Osisko Gold Royalties (OR:CN) is the fourth-largest precious metal royalty company in the world, with a North American focused portfolio of over 140 royalties, streams, and precious metal offtakes. Their main asset is a 5% net smelter return royalty on the Canadian Malartic mine, the largest gold mine in Canada. Osisko enjoys a diversified cash flow from 17 producing assets in low geopolitical risk jurisdictions.
Limoneira (LMNR:US) is one of the largest growers of lemons and avocados in the United States. In addition, the company grows oranges and a variety of specialty citrus and other crops. Demand for fresh citrus continues to grow steadily, driven by a growing middle class with disposable income and changing consumer preferences. Limoneira is vertically integrated due to its packing facilities, and its real estate portfolio could be another source of realizing value for shareholders.
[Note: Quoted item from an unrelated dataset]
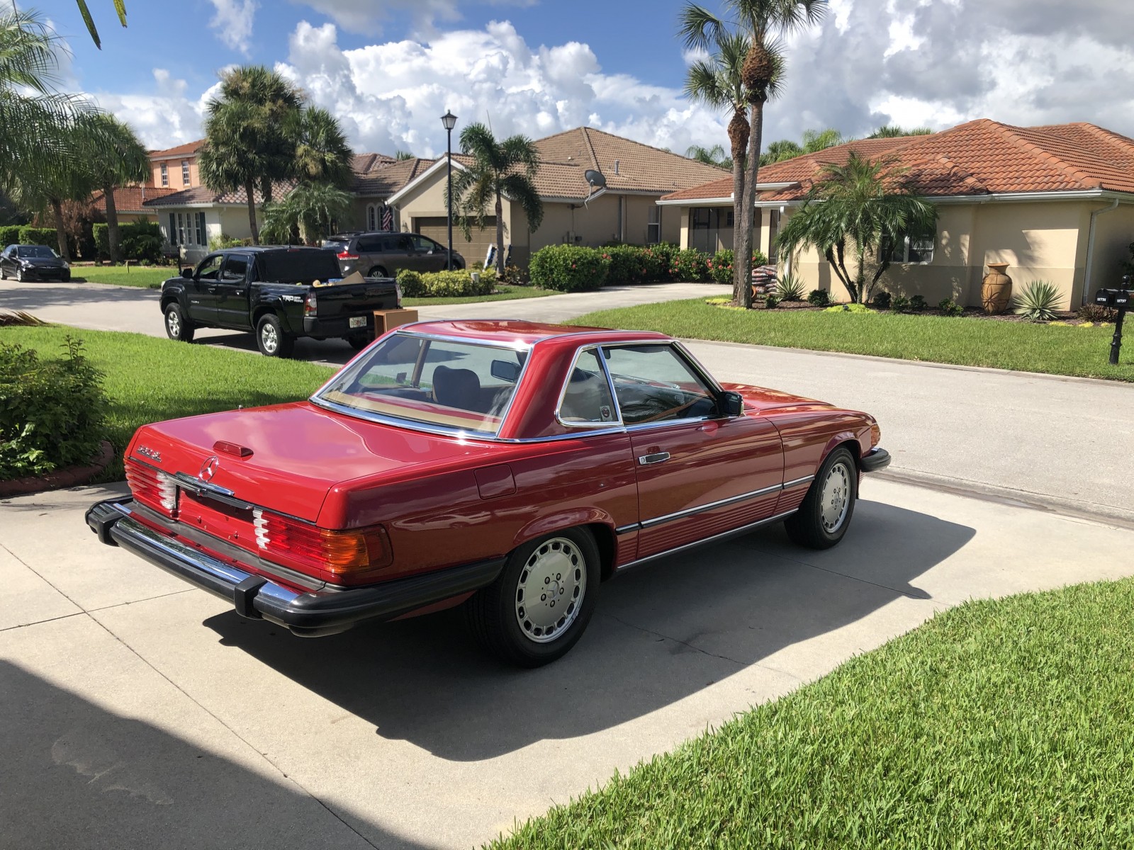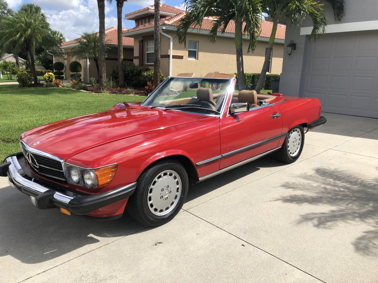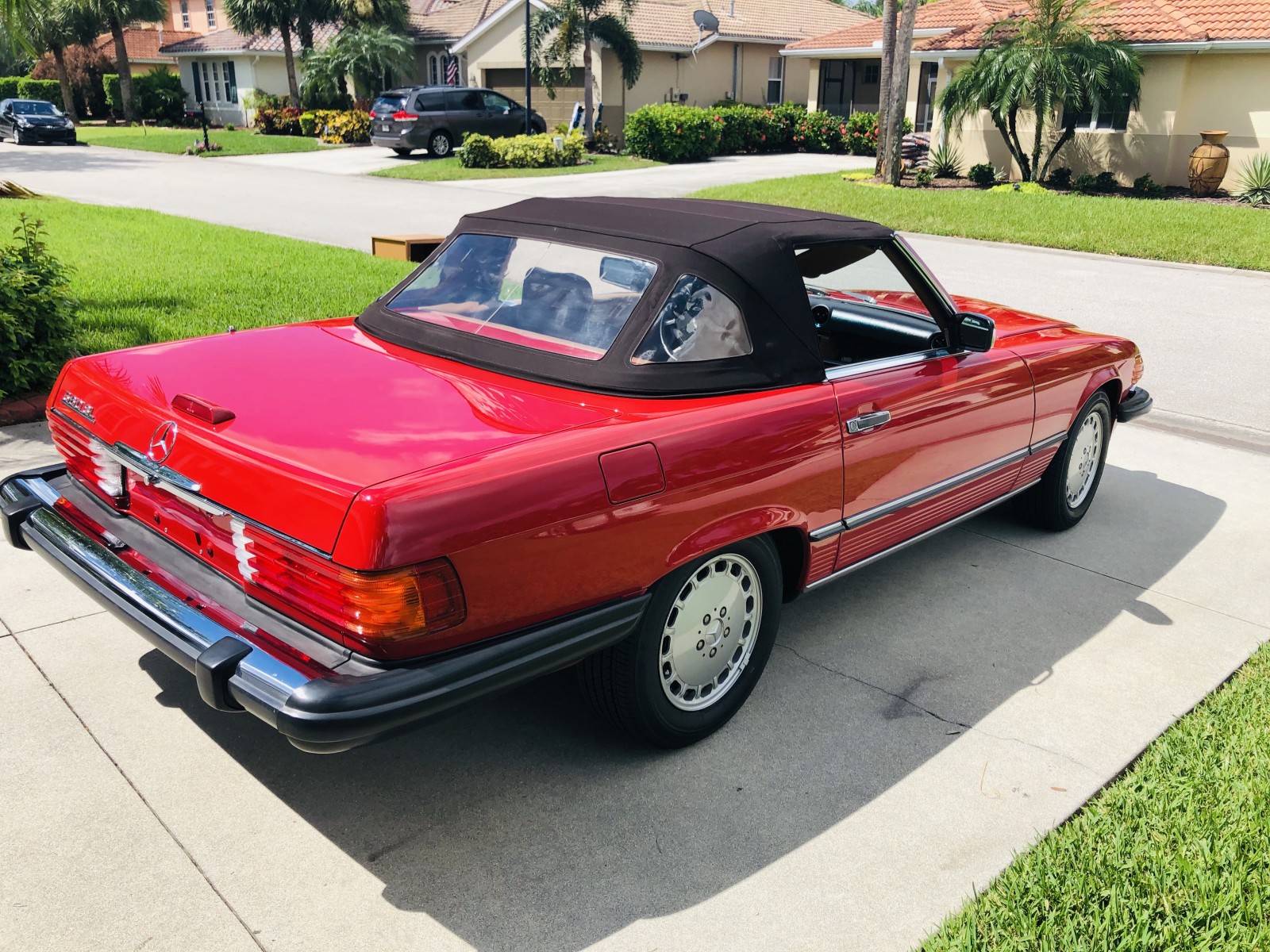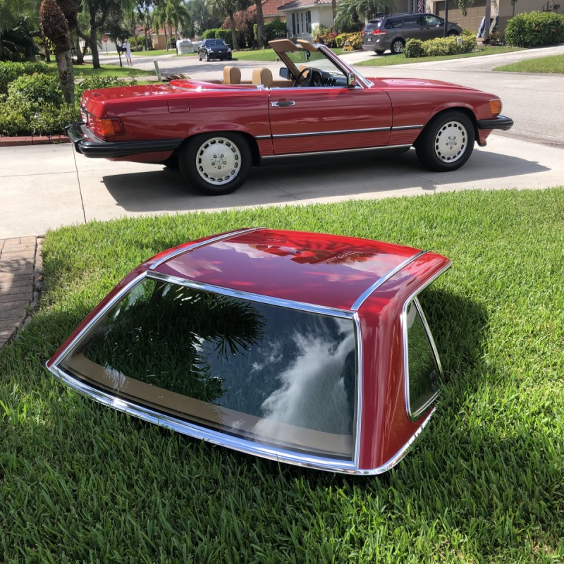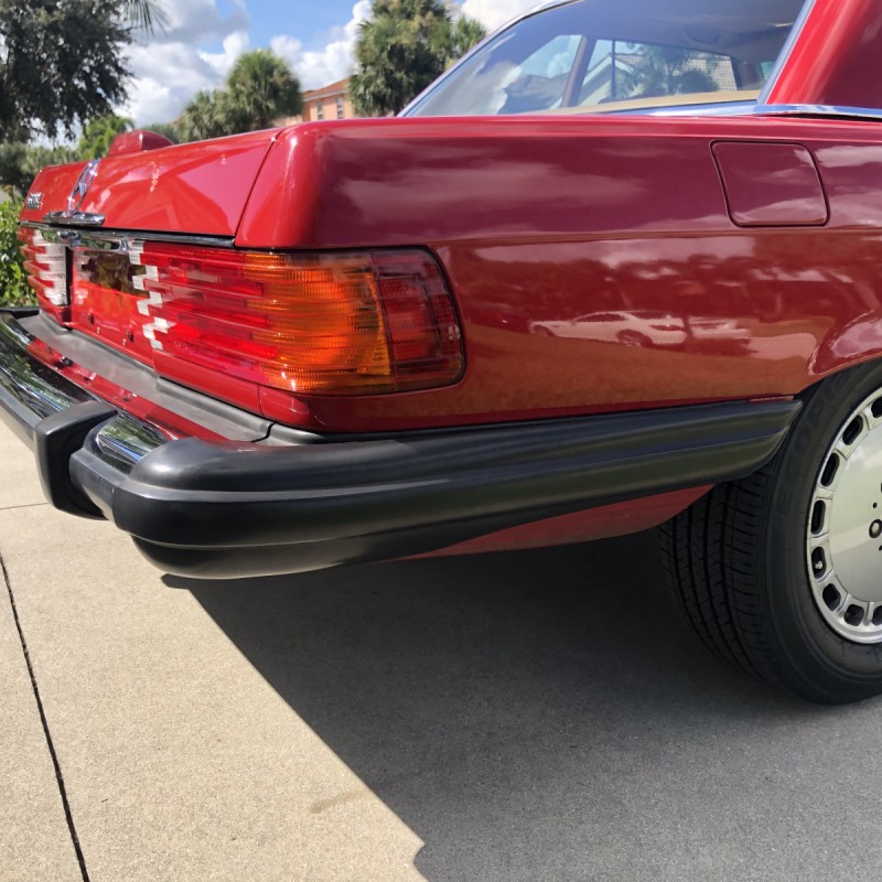 This 1988 Mercedes-Benz 560SL is finished in Signal Red over a Palomino leather interior. The car was purchased from a doctor and his wife in Sarasota, Florida in August 2018. It was meticulously maintained and I spoke with the mechanic that serviced the car and I have all the service records. Power is provided by 5.5-liter V8 paired with a four-speed automatic transmission. Maintenance in the last two years has included a transmission service and a new air filter, fuel filter, and spark plugs. Now showing 29k miles, this R107 SL is now offered with a matching factory hardtop, the factory tool roll, a car cover, manufacturer’s literature, service records, a clean Carfax report, and a clean Florida title in the seller’s name.

Eagle Materials (EXP:US) is a leading supplier of heavy construction materials, such as cement, concrete and aggregates, and light building materials, such as gypsum wallboard in the United States. The company is a low cost producer, with between 30 and 50 years of raw material reserves. The majority of Eagle’s revenues are generated in markets where population growth, highly correlated to construction activity, is expected to be greater than the United States as a whole.
ARC Resources (ARX:CN) is a leading Canadian oil and gas company with high quality assets in the Montney region. After a merger with Seven Generations Energy, ARC is the Montney leader in production, land base, and condensate output.